Collateral – Business only loans typically are more difficult to obtain because of the lack of collateral and the loan-to-values are typically less than something that is real estate backed. A bank will normally discount an appraisal by 20-25% on real estate value, up to 50% for machinery and equipment and most lenders give no value to the business value or good will.  That $1,000,000 appraisal you have on a property might be worth $700,000 – $750,000 to a bank for collateral purposes. 

Conditions are the least controllable.  Things like hurricanes, construction, COVID, real estate crashes, recessions, etc are the least predictable..  they lower the loan-to-value on a deal will be less negatively affected than the high loan-to-value loans. 

Practical steps to get business financing with challenged credit

1) I can not emphasize enough the importance of submitting an ORGANIZED loan package. Most loan packages we receive are disorganized, and are lacking a coherent Executive Summary, a Use of Proceeds which makes the deal even less desirable. 
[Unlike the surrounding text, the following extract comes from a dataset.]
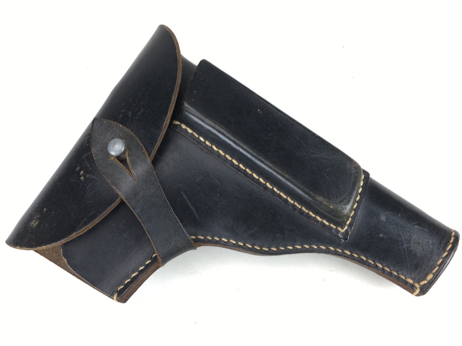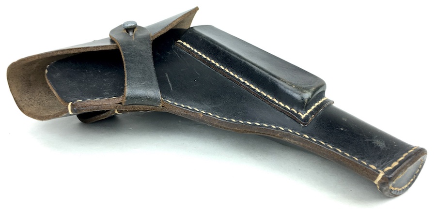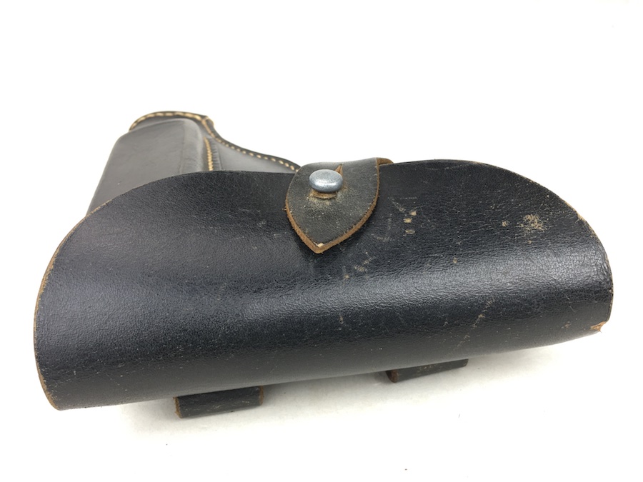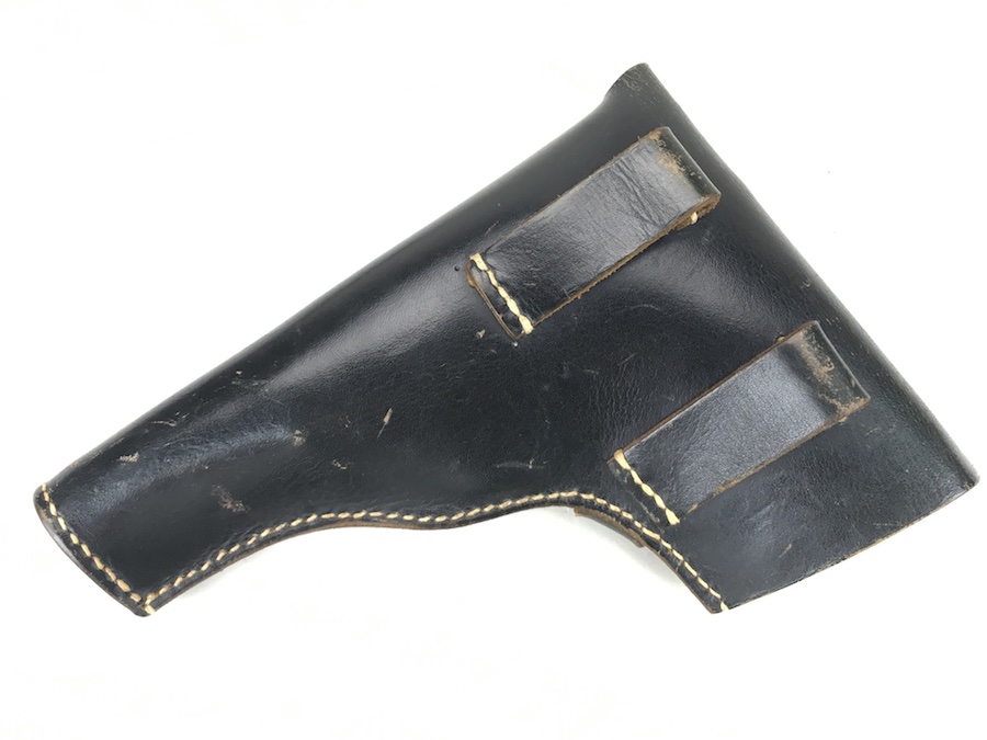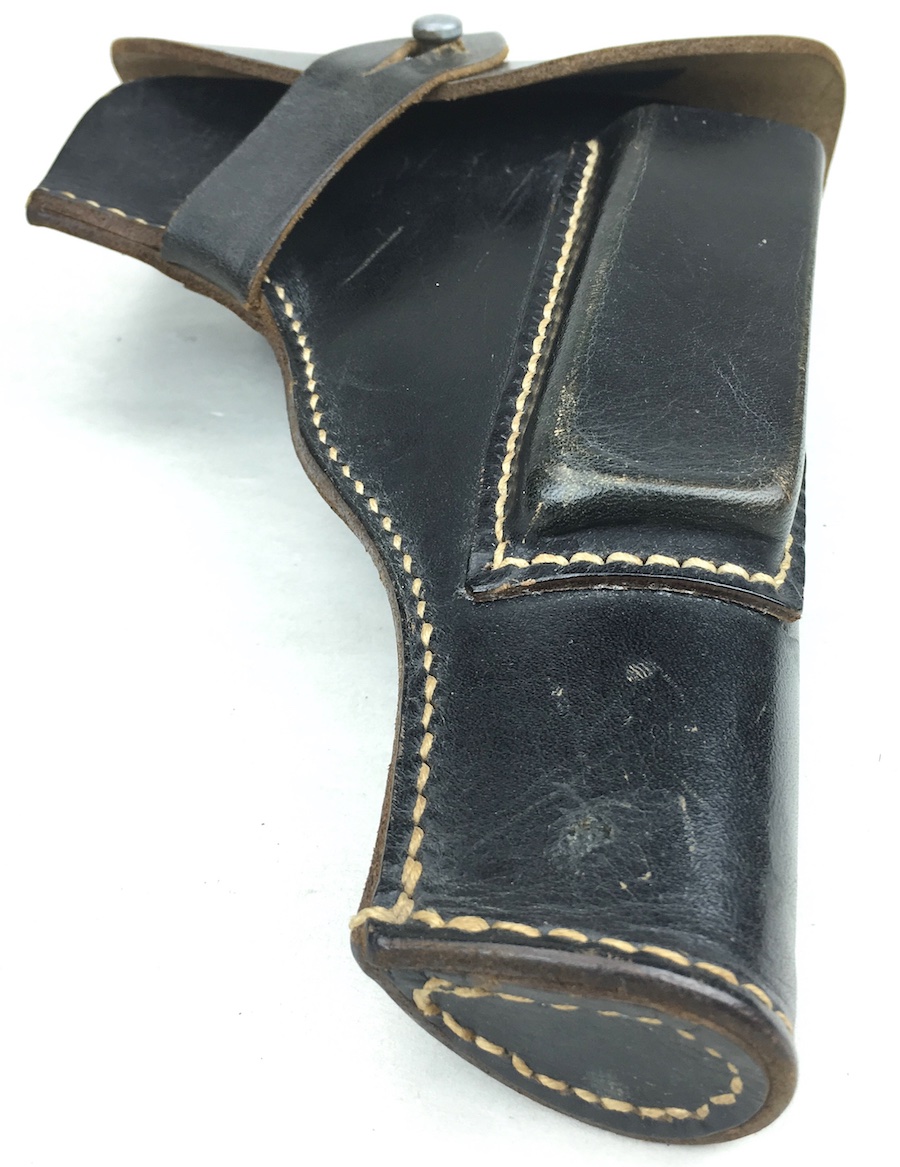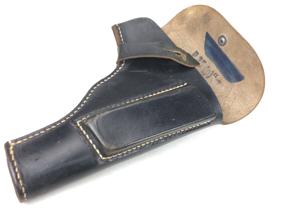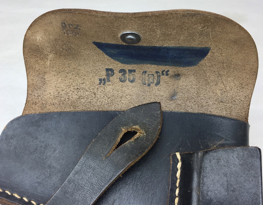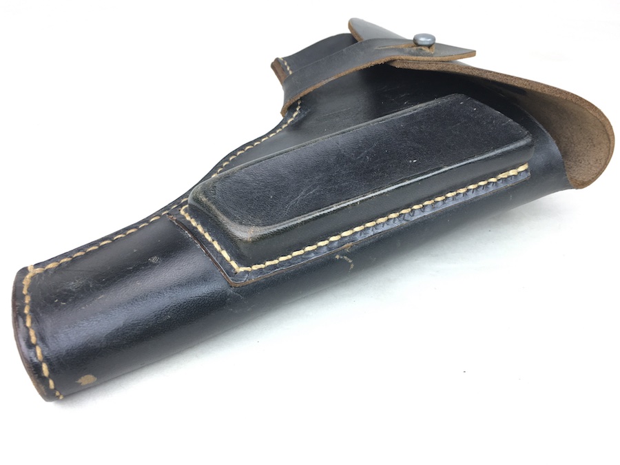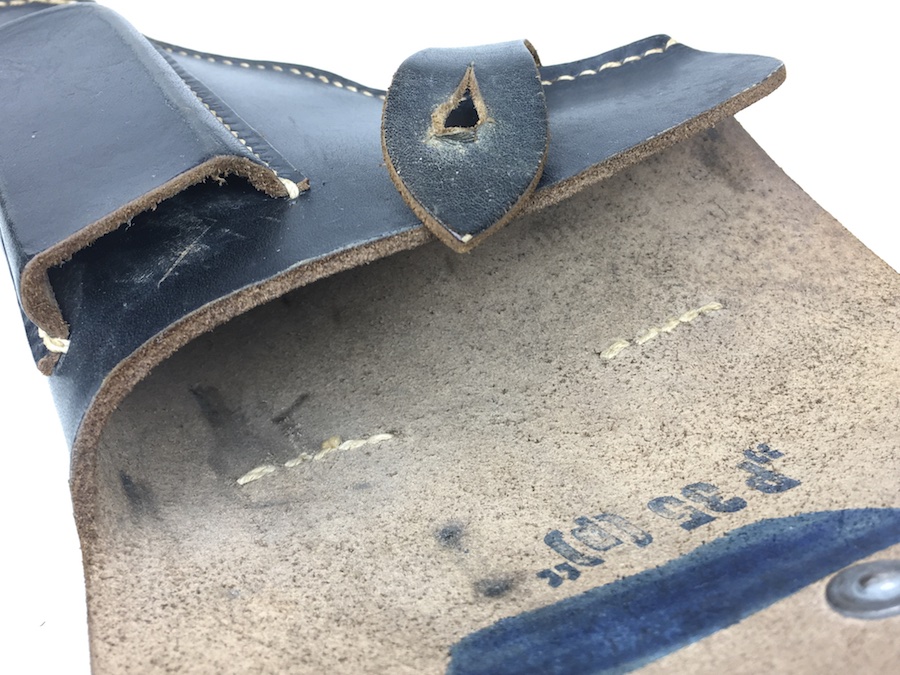 9/23/19 – This is an original 1944 dated, waffen stamped Radom holster. The holster has clean leather that is firm throughout. The leather is completely intact along with the stitching. The backside of the closure flap is stamped “grz 194”. Meaning 1944. Under the date is a waffen eagle military proof stamp. The interior leather is clean and ink stamped “P35 (p)” There is an area above the ink stamped that has been covered over with ink. Guaranteed original and authentic.

It took me years to realize this myself until a lender pointed out to me that I had poor packaging. 

2) Lenders do not need business plans that take forever to go through.  A sermons doesn’t have to be eternal to be everlasting.  Neither does a business plan.  A high percentage of business plans look like they were created by software where you fill in the blanks. They are ignored for the most part. 

3) Define your company’s mission statement.  What will make you better or at least equal to your competition? How will you compete with your Box Box convenience store down the street.  You’re probably not going to do it with fuel pricing, so what is your “hook?” 

4) Make sure you know what your credit is to begin with. . If you have blemishes, have detailed explanations as to who, what, when, where and why. 

5) If you’ve owned a business before, check your Dun and Bradstreet (D& B) profile.  The lender will.